The risk factors for the heart disease are manually detected factors from several measures of medical records is too expensive, time-consuming and an error to be disposed [6]. Diagnosing patients are accurately and monitoring treatments are effectively involved by quality services [7]. An existing feature can be divided into two main categories: appearance-based features and manifold-based features [8]. Performance of the feature extraction and representation, such as linear Principal Component Analysis (PCA), Fisher Linear Discriminant Analysis (FLDA) and Locality Preserving Projection (LPP) are utilized [9]. The extracting functions such as kurtosis and peak factor, the faults diagnosis, degradation process assessment, reliability estimation and residual life prediction that are performed to diagnose and predict health states of the mechanical equipment [10]. Locality Preserving Projections (LPP) is termed as a linear technique. The LPP protects the local manifold structure modeled by the nearest neighbor graph of the patterns so that the learned subspace preserves local information [11].
The main aim of the LPP is to protect the local structure only and does not concern the relative positions of two separate samples [12]. LPP and the Kernel LPP (KLPP) as a nonlinear extension of LPP are obtained from a dimensionality reduction algorithm [13]. An orthogonal basis is obtained from the Orthogonal LPP (OLPP) algorithm [14]. Preservation of the local manifold structure of two projections is mutually performed. On the other hand, optimization problems are totally varied [15]. It has a superior convergence and generalization performance in comparison with other nine sophisticated ANNs [16]. Group Search Optimizer (GSO), performs novel optimization algorithm and it provides continuous optimization problems [17]. This hybrid classifier has been performed in the Coronary Heart Disease (CHD) risk assessment problem and the experimental results are explained and analysed. In this paper by using GSO algorithm performance is combined with the evaluation metrics such as accuracy, sensitivity and specificity are evaluated [18].
Literature Review
Poornima et al. [19] had explained to extend a framework to detect the heart disease.
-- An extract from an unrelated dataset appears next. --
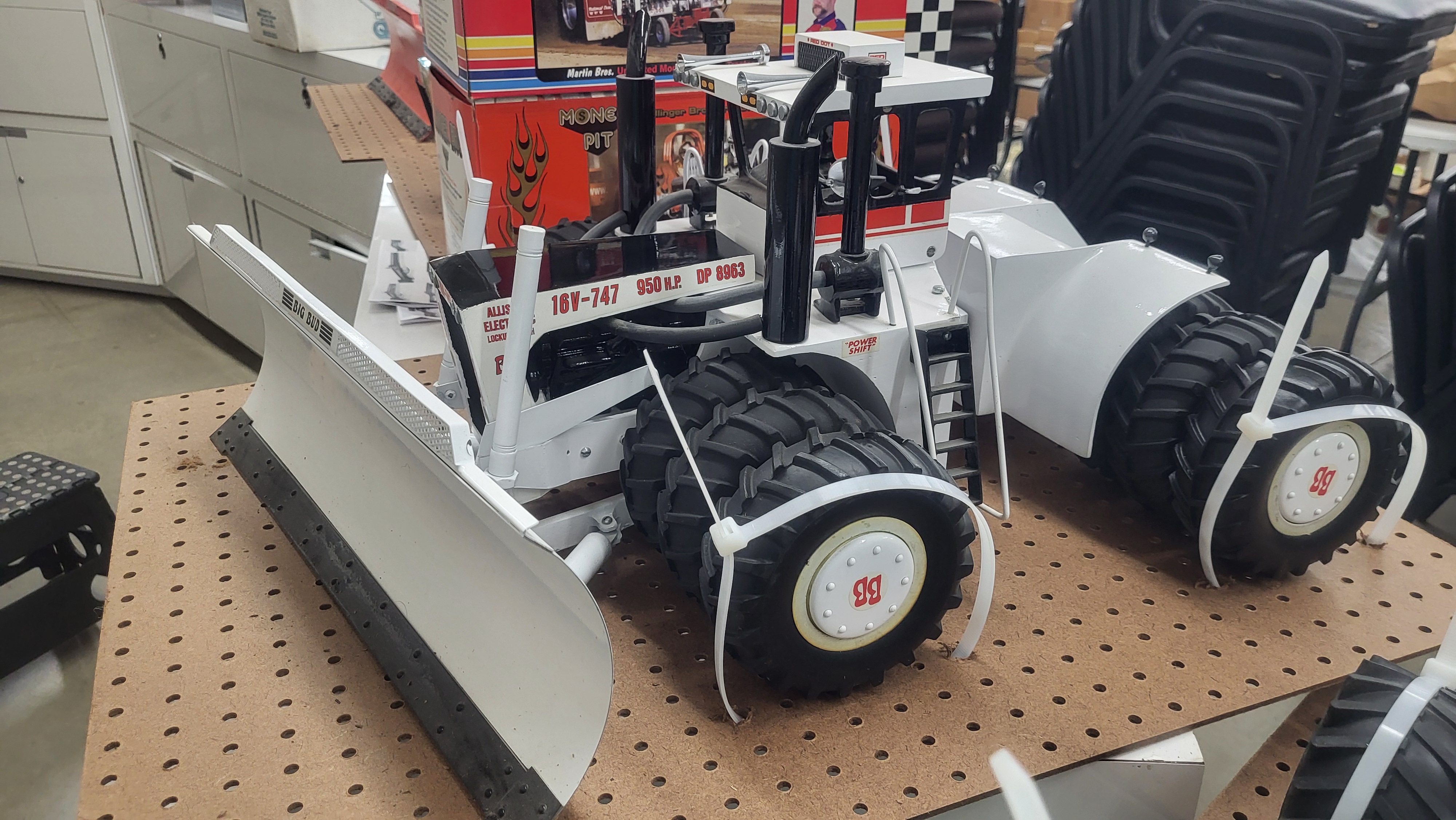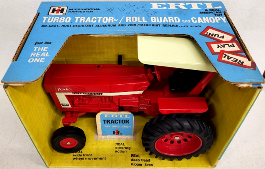 1972 Ertl 1066 Canopy Roll Guard in blue box, Original 1970s IH 1066 & 1466 White Cabs in striped boxes, IH implements in Blue boxes, Farmall toys Restored by Joe Knosby, Custom Farmalls, Toy Farmer IH 1466 with MF Canopy, Case 300 & 350 Customs by Siegel, Case 2390 & 2590 Silver mufflers in boxes, Custom Case tractor & implements by Bob Heath, Precision Engineering JD 8-bottom Plow, JD 4240 Custom w/ Hydra-Push field display by Builders & Collectors Society for St Jude’s, New Orleans 4850, Iowa State Fair 4320, Silver 100 Years 8400R, Yoder JD 730, Near Mint McCormick Farmall 460 diecast rims & Fast Hitch in Closed Box w/ muffler in insert, MINTY Ertl Farmall 400 with Split-rims, Eska Fast Hitch Disk w/ blue steel blades in Closed Box, Custom JD tractors w/ Certificates by Paul Stephan, Scratch-built IH 503 combine by GP, Red Power 403 combine, Gold Chaser Scherrman Implement 656, Precision 1466, Farm Progress Challenger, Collector MAGNUMs in original boxes including Chasers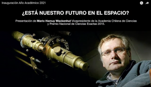 Un recorrido por la historia del universo para responder la pregunta ¿Está Nuestro Futuro en el Espacio? Clase magistral del Presidente de la Fundación Chilena de Astronomía (FUCHAS), Mario Hamuy, durante la Inauguración Año Académico 2021 del Instituto de Chile, que agrupa a las academias del país (Academia Chilena de la Lengua, Academia Chilena de la Historia, Academia Chilena de Ciencias, Academia Chilena de Ciencias Sociales, Políticas y Morales, Academia Chilena de Medicina y Academia Chilena de Bellas Artes). Puedes verla aquí.

Nowadays several methods were involved to healthcare data set which is not robust for the prediction of future health care utilization such as predicting individual expenditures and disease risks for patients. Reducing the feature dimensions of input high-dimensional data; OLPP method was used. Gravitational Search Algorithm (GSA) was used with Levenberg-Marquardt Training algorithm in the neural network due to the hybrid classifier. For practically UCI machine learning repository such as Cleveland, Hungarian and Switzerland was performed by using Gravitational Search Algorithm (GSA). It was subjected to analyse the performance of the system and combined with the evaluation metrics such as accuracy, sensitivity, and specificity.
Feng et al. had estimated a novel life grade recognition technique based on Supervised Uncorrelated Orthogonal Locality Preserving Projection (SUOLPP) and K-Nearest Neighbor Classifier (KNNC) [20,21]. A time-frequency domain feature set was first established to completely expand the function of various life grades, then SUOLPP was projected to compress automatically provide the high-dimensional time-frequency domain function sets of training and test samples into the low-dimensional eigenvectors with better discrimination, and finally the low-dimensional eigenvectors of training and test samples are input into KNNC to conduct life grade recognition technique.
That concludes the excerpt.